In Rawlings v. Dovenmuehle Mortgage, Inc., 64 F.Supp.2d 1156 (M.D. Ala. 1999), Plaintiffs, purchasers of a house, sued the mortgage company for claims under 12 U.S.C. § 1205. As Rawlings fails to consider the specific statute in question here, 12 U.S.C. § 1207, the Court finds it immaterial to the discussion here.
Section 1205 is entitled "Servicing of mortgage loans and administration of escrow accounts."

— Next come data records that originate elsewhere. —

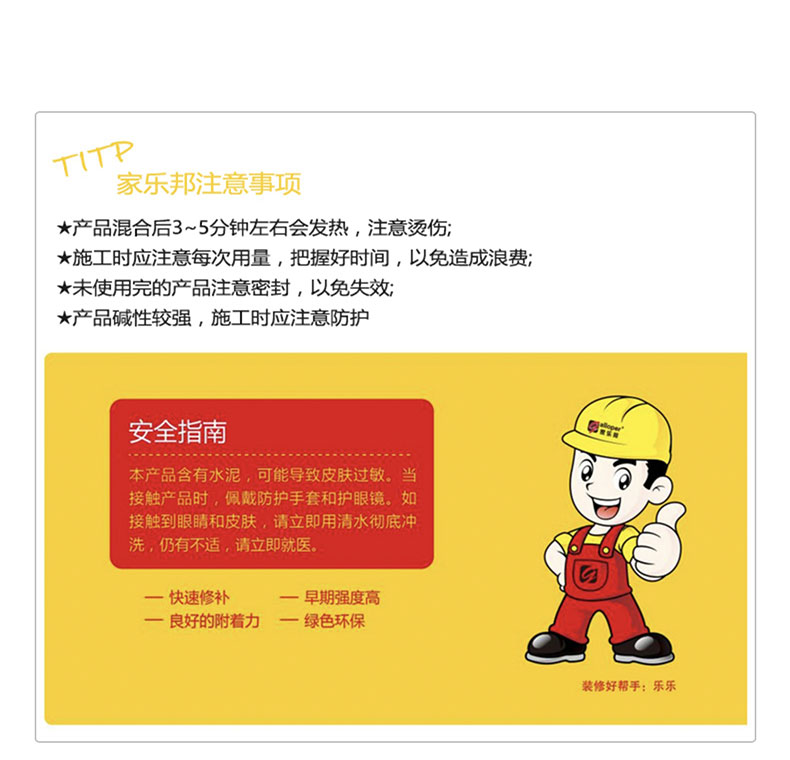 評價:首先感謝快遞小哥能快速安全送到,感謝家樂邦提供的極好產品服務!比較了幾家,看重網友好評,優選此家。施工時先放水,家用小碗大概兩碗的量,然后加水泥快速攪拌,此款水泥干得快,要少量多次的使用。效果很好,由于質價比高,自來水一名,各位可放心選購。最后愿小哥身體健康,工作順意;祝商家生意興隆,大家多多支持。
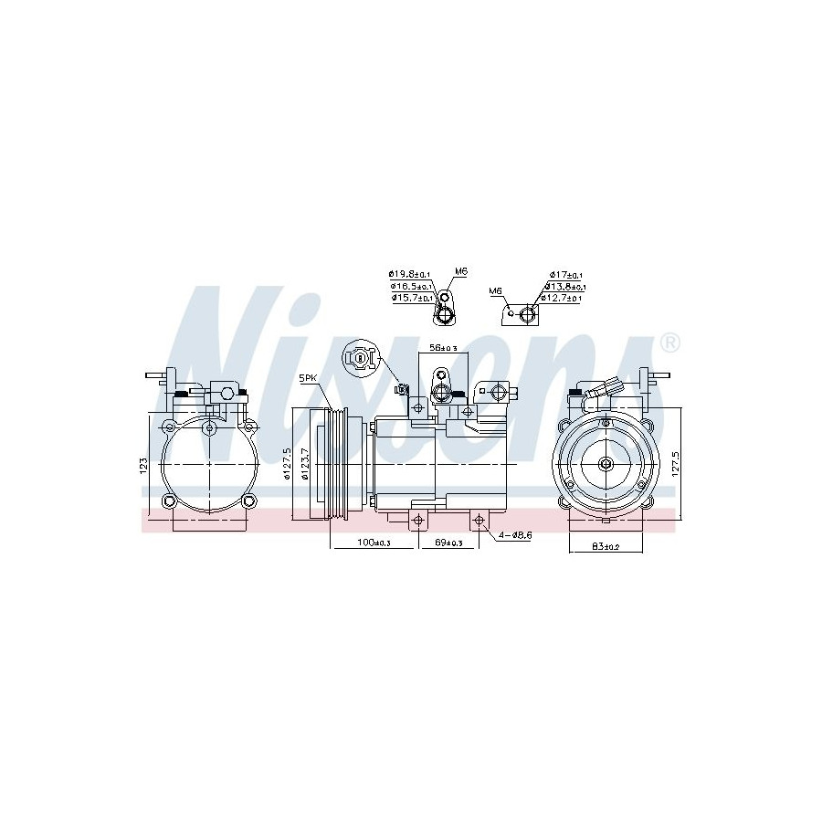 application Air conditioning pump Supplementary Article/Info 2 With PAG compressor oil Voltage [V] 12 Belt Pulley Ø [mm] 124 Refrigerant R 134a Compressor ID HS17/FS10 Number of grooves 5 Capacity Compressor [cc] 170 Oil Fill Quantity [ml] 180 Connector Shape Oval Plug Type Male Guarantee 2 years Number of contacts 1 Compressor oil PAG 46 Exhaust diameter [mm] 15,7 Output diameter [mm] 12,7 Similar products of other manufacturers
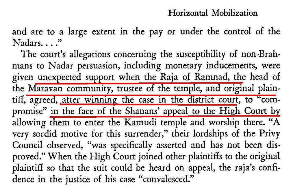 ஆனால் இந்த நீதிமன்றம் நாடார்களின் இதர முன்னேற்றங்களான தங்கள் பூர்வதொழிலை விட்டு பல துறைகளிலும் முன்னேறி தொழில் அதிபர்களாகவும் பல கிராமங்களில் நிலம் உடையவர்களாகவும் இருந்த நாடார்களின் செல்வ செழிப்பை பொருட்டாக கருதவில்லை. புதிதாக வைதீக சம்பிரதாயங்களை பின்பற்றியும் அதையும் நீதிமன்றம் கருதவில்லை.

In Norris v. Fairbanks Capital Corporation, 2004 WL 1638119 (E.D. La. 2004), affirmed, 178 Fed.Appx. 401 (5th Cir. 2006), the Plaintiff, a seller of her house, brought an action, asserting a smorgasbord of claims, seeking payment on the full value of her house. In Norris, the District Court specifically held that "[RESPA] is intended to protect the buyer in real estate transactions. The seller is not the intended beneficiary of the act," citing 12 U.S.C. § 2605. The Court finds that Norris, like Rawlings, is inapplicable to the discussion at hand.
A judgment had been entered against Plaintiff in a separate action and a lien had been filed against the house, so Plaintiff was not receiving the full amount.

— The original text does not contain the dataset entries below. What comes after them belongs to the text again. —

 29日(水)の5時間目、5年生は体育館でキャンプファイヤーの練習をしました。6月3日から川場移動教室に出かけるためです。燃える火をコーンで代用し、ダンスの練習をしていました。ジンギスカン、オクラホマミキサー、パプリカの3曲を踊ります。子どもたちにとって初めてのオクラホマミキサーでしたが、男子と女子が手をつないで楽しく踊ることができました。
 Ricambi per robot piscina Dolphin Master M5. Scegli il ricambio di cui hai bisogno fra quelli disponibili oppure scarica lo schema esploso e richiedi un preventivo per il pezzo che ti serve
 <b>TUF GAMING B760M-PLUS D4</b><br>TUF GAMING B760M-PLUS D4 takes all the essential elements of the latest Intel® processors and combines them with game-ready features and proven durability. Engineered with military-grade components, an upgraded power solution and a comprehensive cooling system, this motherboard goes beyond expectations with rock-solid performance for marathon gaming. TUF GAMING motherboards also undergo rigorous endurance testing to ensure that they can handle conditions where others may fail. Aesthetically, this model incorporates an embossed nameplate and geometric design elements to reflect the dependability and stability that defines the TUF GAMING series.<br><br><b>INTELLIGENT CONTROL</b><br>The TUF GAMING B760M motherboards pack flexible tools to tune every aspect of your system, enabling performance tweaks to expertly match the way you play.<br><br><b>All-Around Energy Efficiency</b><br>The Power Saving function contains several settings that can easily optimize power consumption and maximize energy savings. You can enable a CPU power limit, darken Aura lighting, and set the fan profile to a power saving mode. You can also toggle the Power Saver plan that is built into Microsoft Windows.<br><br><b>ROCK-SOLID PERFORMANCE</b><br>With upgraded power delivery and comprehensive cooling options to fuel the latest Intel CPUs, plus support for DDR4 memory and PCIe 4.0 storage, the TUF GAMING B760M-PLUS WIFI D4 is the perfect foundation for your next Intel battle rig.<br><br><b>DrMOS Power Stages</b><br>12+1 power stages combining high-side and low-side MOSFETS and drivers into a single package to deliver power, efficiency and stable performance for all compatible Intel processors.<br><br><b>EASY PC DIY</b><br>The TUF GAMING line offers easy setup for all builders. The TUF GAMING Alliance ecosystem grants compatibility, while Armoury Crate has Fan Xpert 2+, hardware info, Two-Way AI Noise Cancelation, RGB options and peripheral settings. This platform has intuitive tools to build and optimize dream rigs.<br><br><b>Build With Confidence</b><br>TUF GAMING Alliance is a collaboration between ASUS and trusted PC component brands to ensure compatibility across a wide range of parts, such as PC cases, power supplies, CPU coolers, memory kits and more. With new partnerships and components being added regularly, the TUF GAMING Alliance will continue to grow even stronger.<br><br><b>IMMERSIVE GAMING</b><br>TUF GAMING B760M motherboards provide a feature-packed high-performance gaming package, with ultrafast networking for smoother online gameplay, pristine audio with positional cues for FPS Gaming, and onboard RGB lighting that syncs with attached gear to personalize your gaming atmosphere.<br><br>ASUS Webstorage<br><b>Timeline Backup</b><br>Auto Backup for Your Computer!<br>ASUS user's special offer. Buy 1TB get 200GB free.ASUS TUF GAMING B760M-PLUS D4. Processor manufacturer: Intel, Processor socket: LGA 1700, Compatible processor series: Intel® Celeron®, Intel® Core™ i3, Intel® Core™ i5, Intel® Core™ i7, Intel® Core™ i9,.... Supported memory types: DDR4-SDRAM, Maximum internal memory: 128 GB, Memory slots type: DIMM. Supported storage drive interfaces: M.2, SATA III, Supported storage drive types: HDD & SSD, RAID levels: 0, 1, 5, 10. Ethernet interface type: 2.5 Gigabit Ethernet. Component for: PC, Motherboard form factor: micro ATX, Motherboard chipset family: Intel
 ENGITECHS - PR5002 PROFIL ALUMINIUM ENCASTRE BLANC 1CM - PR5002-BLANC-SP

In summary, although Defendant has argued that sellers are not the intended beneficiaries of the provisions of RESPA, ERA has failed to bring forth caselaw which supports that notion with respect to the statutory provisions raised by Plaintiff. In rebuttal, Ellison has pointed to several cases as support for its claim, but the Court will discuss only one, as it is the most relevant and comes from our own Circuit.

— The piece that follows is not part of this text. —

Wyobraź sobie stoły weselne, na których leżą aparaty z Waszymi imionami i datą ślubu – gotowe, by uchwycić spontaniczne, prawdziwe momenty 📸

In Busby v. JRHBW Realty, Inc., 513 F.3d 1314 (11th Cir. 2008), the Plaintiff, a house purchaser, brought a class action suit under RESPA asserting that no services had been provided for a particular fee that had been charged. The District Court denied class certification, but the Eleventh Circuit Court of Appeals found that the lower court had applied the wrong legal standard and reversed the decision. In reaching that conclusion, the Appellate Court specifically held the following:
Here, as noted by the district court, there is an issue of law common to all of the putative representatives: whether the ABC Fees violated RESPA § 8(b) because no services were provided, either to sellers or buyers, for whatever ABC Fee was paid. This claim is common to all possible plaintiffs including Busby. RealtySouth has not enumerated any services that were provided to either sellers or buyers in exchange for the ABC Fee. Therefore, we find, as did the district court, that Busby's claim is typical of all possible plaintiffs including sellers as well as buyers like Busby.Busby, 513 F.3d at 1323 (emphasis added). Even though the plaintiff in Busby was a purchaser, the Eleventh Circuit language clearly states that the RESPA provision in question in this action is applicable to buyers and sellers alike.
The Court notes that RESPA § 8(b) is 12 U.S.C. § 2607(b).
The Court finds that Plaintiff has stated a cause of action under RESPA and that this action should proceed. For the reasons set out herein, it is ORDERED that Defendant's Motion to Dismiss (Doc. 6) be DENIED.
The Court notes that Defendant has correctly noted that the statute of limitations under 12 U.S.C. § 2607(b) is one year — and not three years. 12 U.S.C. § 2614.